Top of Input data
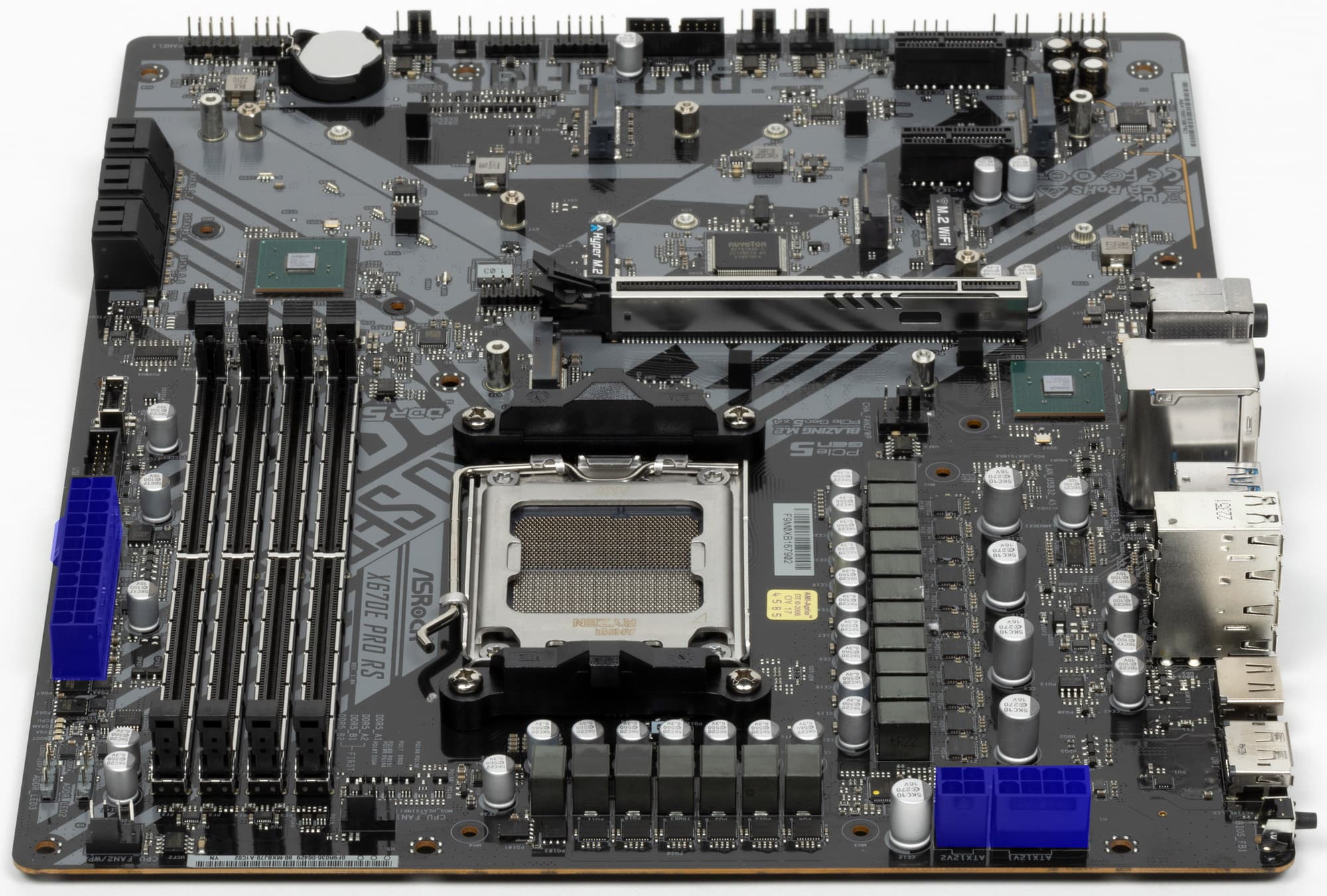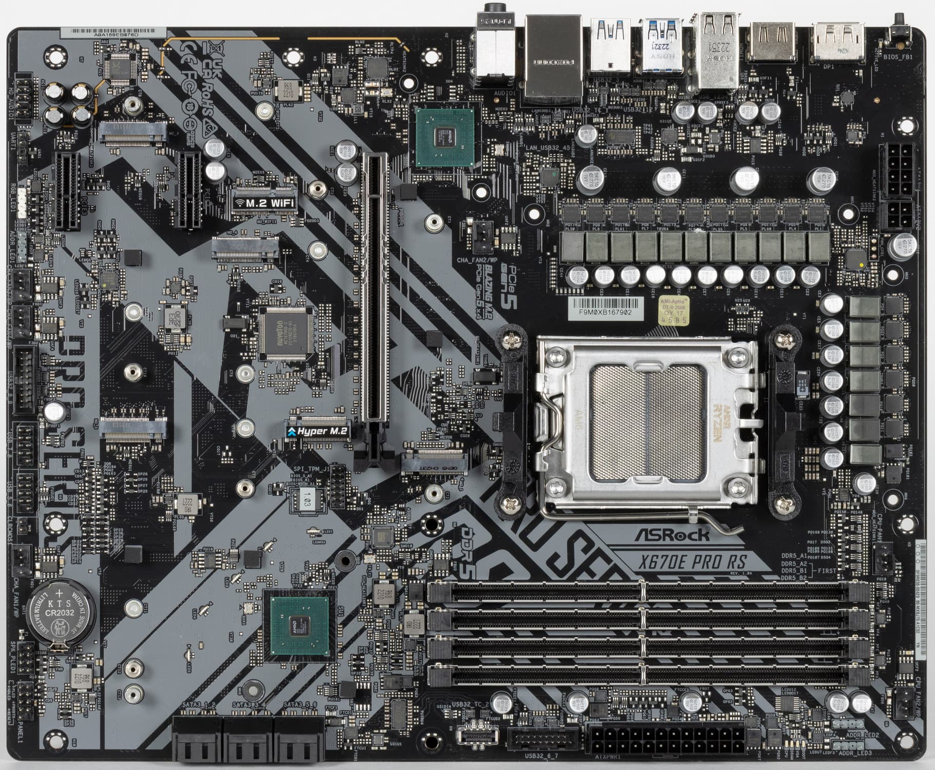 Стоит снова напомнить, что у ASRock имеется несколько серий материнских плат: флагманская Taichi, игровая Phantom Gaming и серия Pro. Малобюджетные продукты идут без серий. Серия Pro – это некий аналог рабочих серий у иных производителей, например, Asus Prime, Gigabyte Aero и т.д. В эту серию входят матплаты для неигровых ПК, включая очень простые рабочие станции. Вот наша сегодняшняя плата относится к этой серии — ASRock X670E Pro RS, базируемая на AMD X670E (чем X670E отличается от X670 — напомню ниже). То есть по сути матплата на топовом чипсете относится к среднебюджетным продуктам.
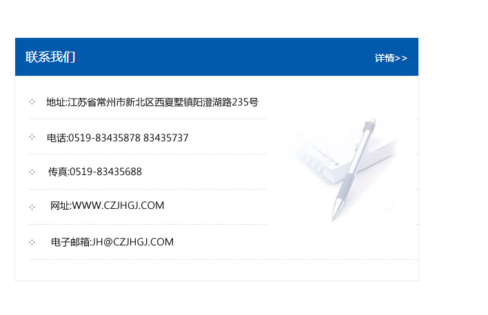地址:常州市新北區友邦商務大廈1幢16、17層  電話:0519-85101652  傳真:0519-85112595  郵編:213022  網址:www.cz-jiayue_cn.gdsiker.com  郵箱:xiajifengaa@163.com
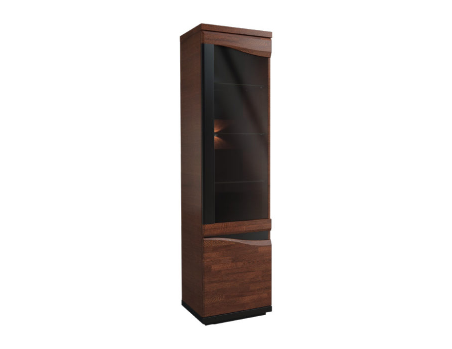 Kolekcja Venezia producenta Mebin dostępna jest w wybarwieniu orzecha antycznego w połączeniu z czarnym szkłem Lacobel. Witryny oraz barek dodatkowo mają podświetlenie, które doda dyskretne refleksy świetlne w pomieszczeniu, oraz wyeksponuje przedmioty ozdobne.
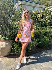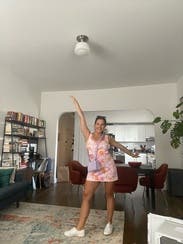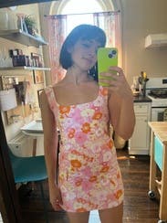 This dress was so adorable to wear for a spring/summer party. It was a bit big in the shoulders and the straps fell down my arm a couple times, but other than that so so cute!
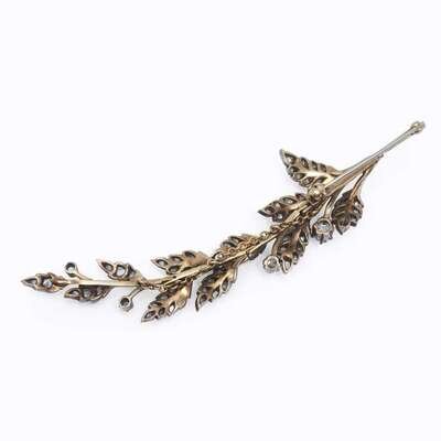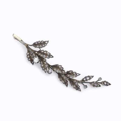 an articulated thread of foliage set with rose-cut diamonds, accented by old mine-cut diamonds buds.
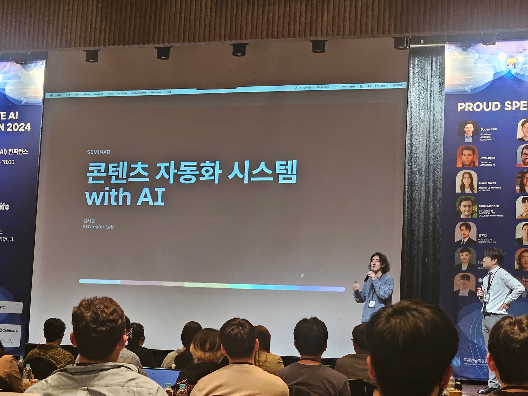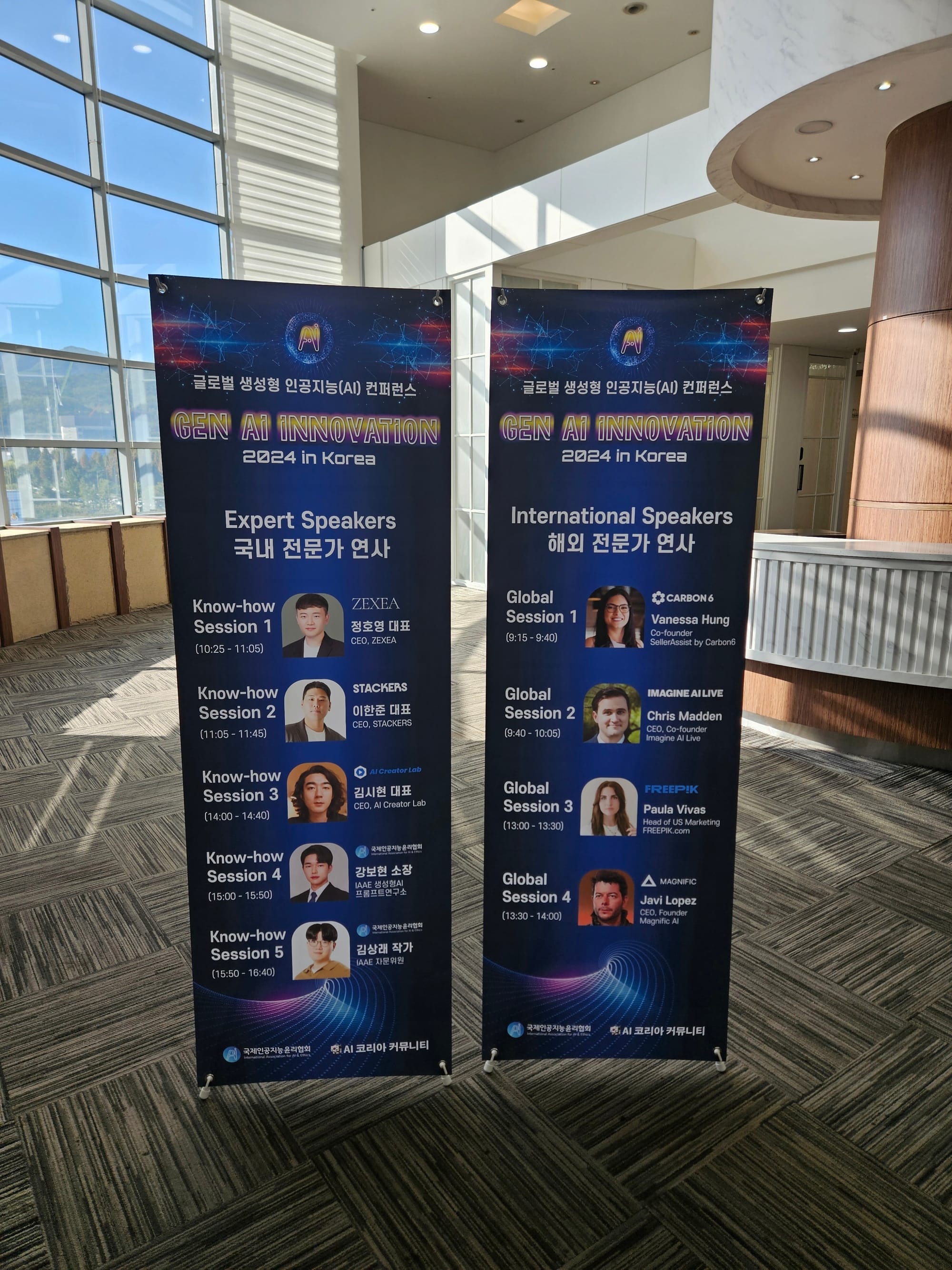 ์ฃผ์ ์ฐ์ฌ๋ก๋ AI ์ฝ๋ฆฌ์ ์ปค๋ฎค๋ํฐ์ ์์ฅ ๋ณดํ๋๊ณผ ์ดํ์ค STACKERS ๋ํ, ์ ํธ์ ZEXEA ๋ํ, ๊น์ํ AI Creator Lab ๋ํ, ํ๋๊ท ๋๋ ํฐ์คํ ํฌ ์ฌ์ ๋ถ์ฅ์ด ์ฐธ์ฌํ์ต๋๋ค. ํด์ธ ์ฐ์ฌ๋ Carbon6์ ๊ณต๋์ฐฝ์ ์ Vanessa Hung, IMAGINE AI LIVE์ CEO Chris Madden, ํ๋ฆฌํฝ(FREEPIK)์ Paula Vivas ๋ง์ผํ ์ด๊ด๊ณผ ๋งค๊ทธ๋ํฝ(MAGNFIC) Javi Lopez CEO๊ฐ ์ฐธ์ฌํ์ต๋๋ค.
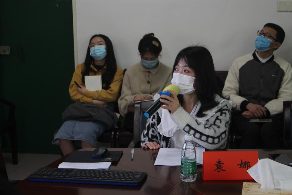 袁娜博士的报告题为“困境:《莫菲》中的国际象棋叙事”的学术报告。她从选题背景、核心观点和论文概述三方面,深入剖析了贝克特借助国际象棋来建构人的身体困境、空间困境和交流困境。张慧佳博士和季念副教授对袁娜博士的报告做出评议。
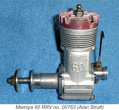 The relative numbers of known survivors argue very strongly against this possibility - the 60 RRV is far less frequently encountered than the companion FRV variant, which is itself far from common. Looking at the matter quite objectively, it seems more likely that the numbering sequence for this model started at some intermediate point. In that regard, the most logical assumption is that the serial numbering sequence for the Mamiya 60 RRV started at 00701. This starting point would be completely consistent with the previously-expressed idea that my lower-numbered example is one of the first such engines produced. The fact that it features an earlier-style head along with a spark ignition prop driver and shaft certainly seems consistent with the idea that it was assembled at a time when the design was still evolving. If the above hypothesis has any validity, we have evidence for the production of at least 63 examples of the Mamiya 60 RV glow-plug model. This is completely consistent with the extreme rarity of surviving examples, which suggests that the number manufactured was very small. Only the provision of more serial numbers for this model would help to resolve this question of numbers. Contributions, please!! One realistic possibility that does suggest itself is the notion that this engine followed directly on from the FRV spark ignition model after production of that model ceased. The fact that there is presently no evidence whatsoever that a spark ignition version of the Mamiya 60 RRV was ever manufactured implies that the switch to glow-plug ignition and the change to RRV induction occurred simultaneously. Basically, the admittedly-scanty evidence available at present suggests that the RRV glow model replaced the FRV sparker rather than being offered simultaneously as an alternative. As noted previously, the Mamiya 60 RRV is included in the listing of the “World’s Model Engines” which appeared as an appendix to the early 1958 publication “Model Aero Engine Encyclopaedia”. This cannot be taken as an indication of continued production, since the above-noted list was already woefully out-of-date at the time of publication. However, it does indicate that the engine was by no means forgotten as of early 1958. It is also worth noting that the FRV version was missing from this list. This appears to confirm that the racing model outlived and most likely succeeded its earlier general-purpose sibling, which is very much in keeping with my earlier speculation. It is certainly evident that the RRV version of the Mamiya 60 was introduced at a later date than the FRV version since it appears never to have been produced in spark-ignition form - at least, I cannot find a report of any original examples of such a model, although owner retro-conversions may well exist. Conclusion Reviewing the above account, it seems likely that well under 1,000 examples of all Mamiya 60 models combined were manufactured in total. This figure certainly explains the comparative rarity of these engines today. The RRV racing glow-plug model is particularly elusive – it seems likely that only 100 or so examples of that model ended up being made at most. Despite this, these engines constitute a legacy of which Minoru Sato could be justifiably proud! No true model engine enthusiast can fail to be impressed by these fine examples of the model engine manufacturer’s craft! Just wear hearing protection if you're ever around one of these motors in operation - they're LOUD!! _________________________ Article © Adrian C. Duncan, Coquitlam, British Columbia, Canada First published April 2026 |
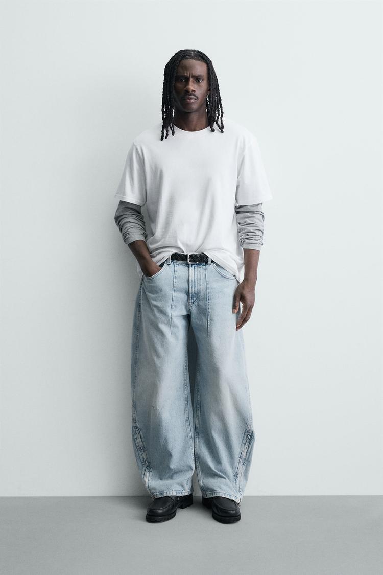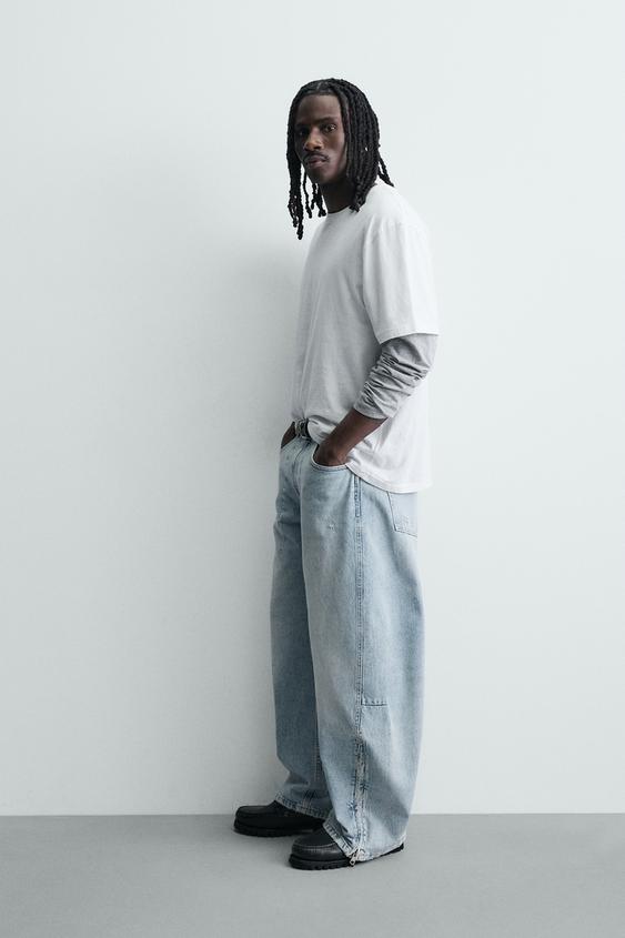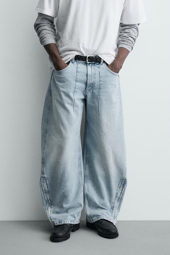 ZARA ДЖИНСЫ BALLOON FIT НА МОЛНИИ, ЗЕЛЕНОВАТО-СИНИЙ
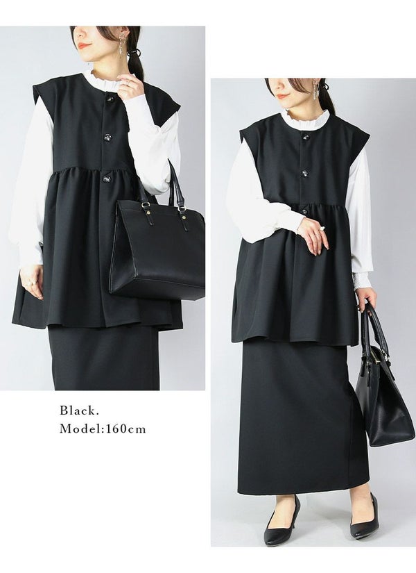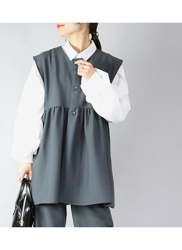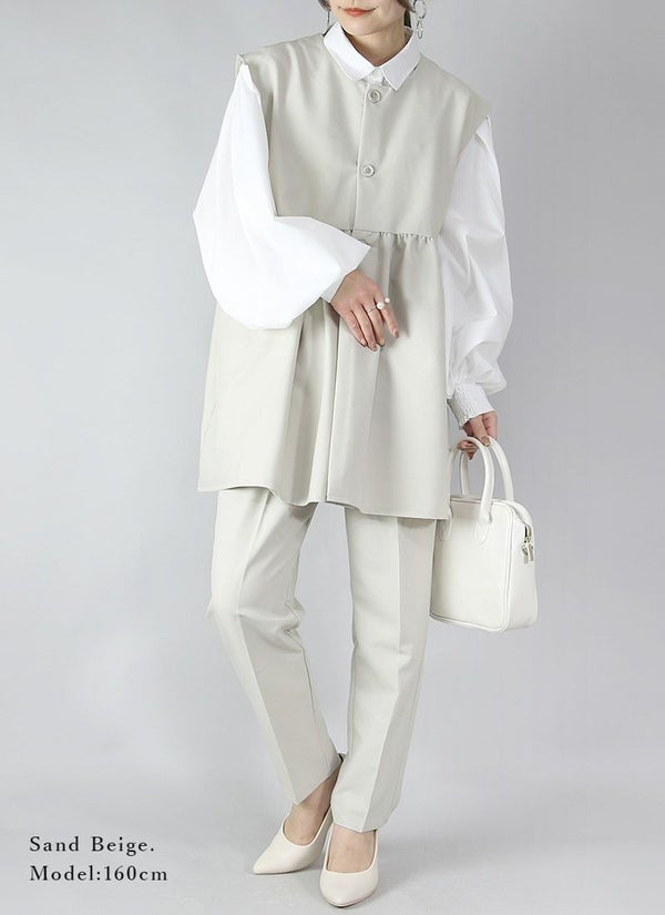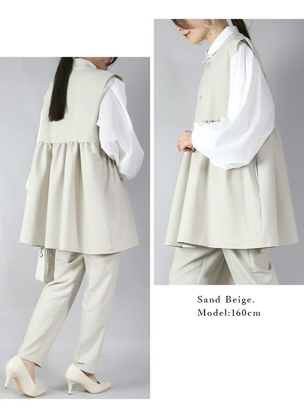 ウエストギャザーでさりげなく体型カバー。キレイめ素材で仕立てた、パンツとセットアップで着られる大人のベスト♪
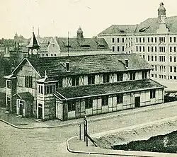 From 1904 to 1905, an interim church[1] was built in the courtyard of the school at Schnorrstrasse 2 / Rödelstrasse. The half-timbered building, which was rebuilt here under the direction of the architect Conrad Hermsdorf, had previously served as an emergency church for Leipzig's Andreas and Michaelis congregations. On 30 September 1906, the parish was separated from Kleinzschocher, and on 6 January 1907, the first two parish priests were assigned to Schleußig. On the First Sunday of Advent of 1910, a parish hall was inaugurated on the property at Könneritzstrasse 92.
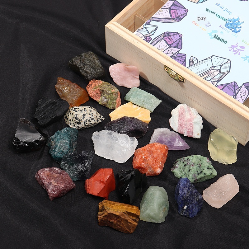 Natural Crystal Raw Stone Ore Specimen Box Jade Agate Stone Children's Science Collection Holiday Gift Ornaments
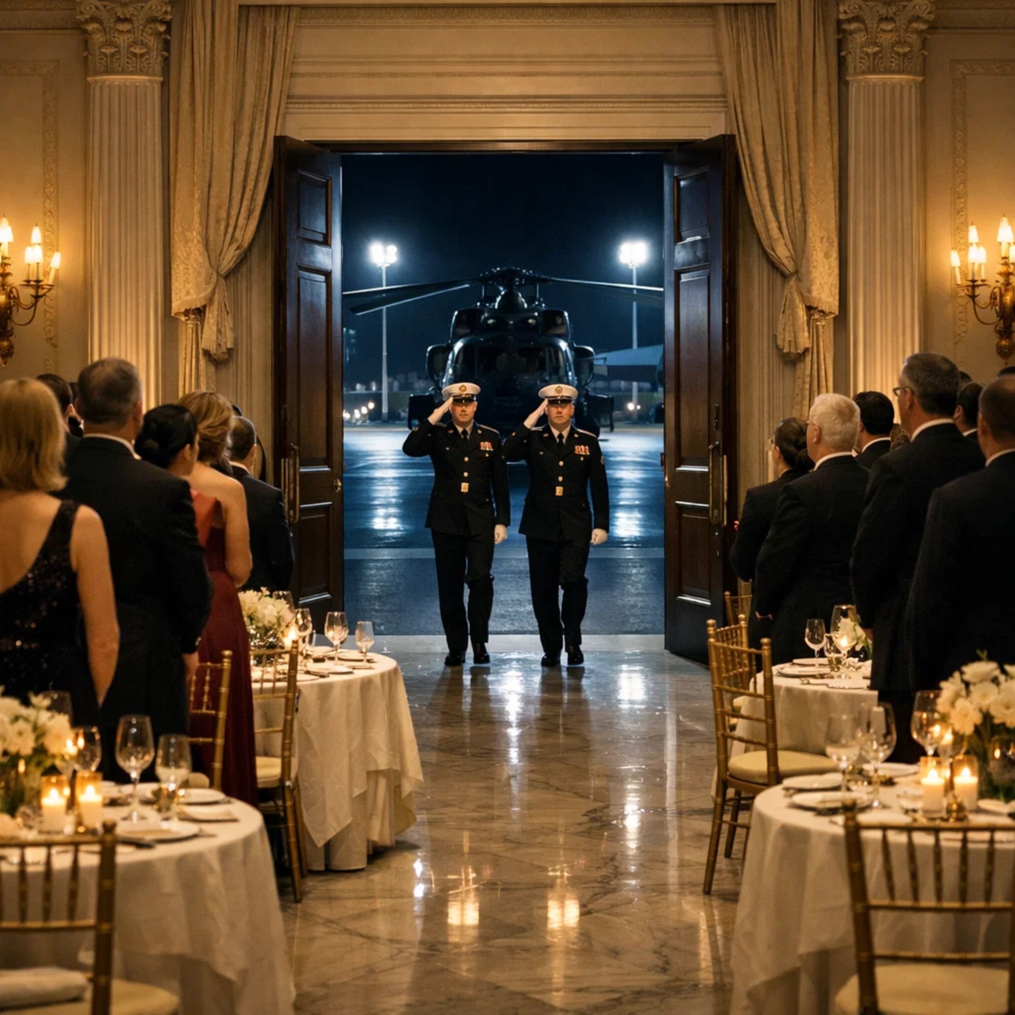 The rotor wash had scattered napkins and flower petals across the grass. The string quartet, sensing the absolute shift in atmosphere, had stopped playing mid-measure. Two hundred guests stood frozen, staring at the empty patch of sky where the black machine had vanished.
Bottom of Input data
## Required action
Find the line with "ZARA ДЖИНСЫ BALLOON" in the entries above. Set down exactly every line from it up to and including the line with "Natural Crystal Raw", images excluded.

## Answer
 ZARA ДЖИНСЫ BALLOON FIT НА МОЛНИИ, ЗЕЛЕНОВАТО-СИНИЙ
 ウエストギャザーでさりげなく体型カバー。キレイめ素材で仕立てた、パンツとセットアップで着られる大人のベスト♪
 From 1904 to 1905, an interim church[1] was built in the courtyard of the school at Schnorrstrasse 2 / Rödelstrasse. The half-timbered building, which was rebuilt here under the direction of the architect Conrad Hermsdorf, had previously served as an emergency church for Leipzig's Andreas and Michaelis congregations. On 30 September 1906, the parish was separated from Kleinzschocher, and on 6 January 1907, the first two parish priests were assigned to Schleußig. On the First Sunday of Advent of 1910, a parish hall was inaugurated on the property at Könneritzstrasse 92.
 Natural Crystal Raw Stone Ore Specimen Box Jade Agate Stone Children's Science Collection Holiday Gift Ornaments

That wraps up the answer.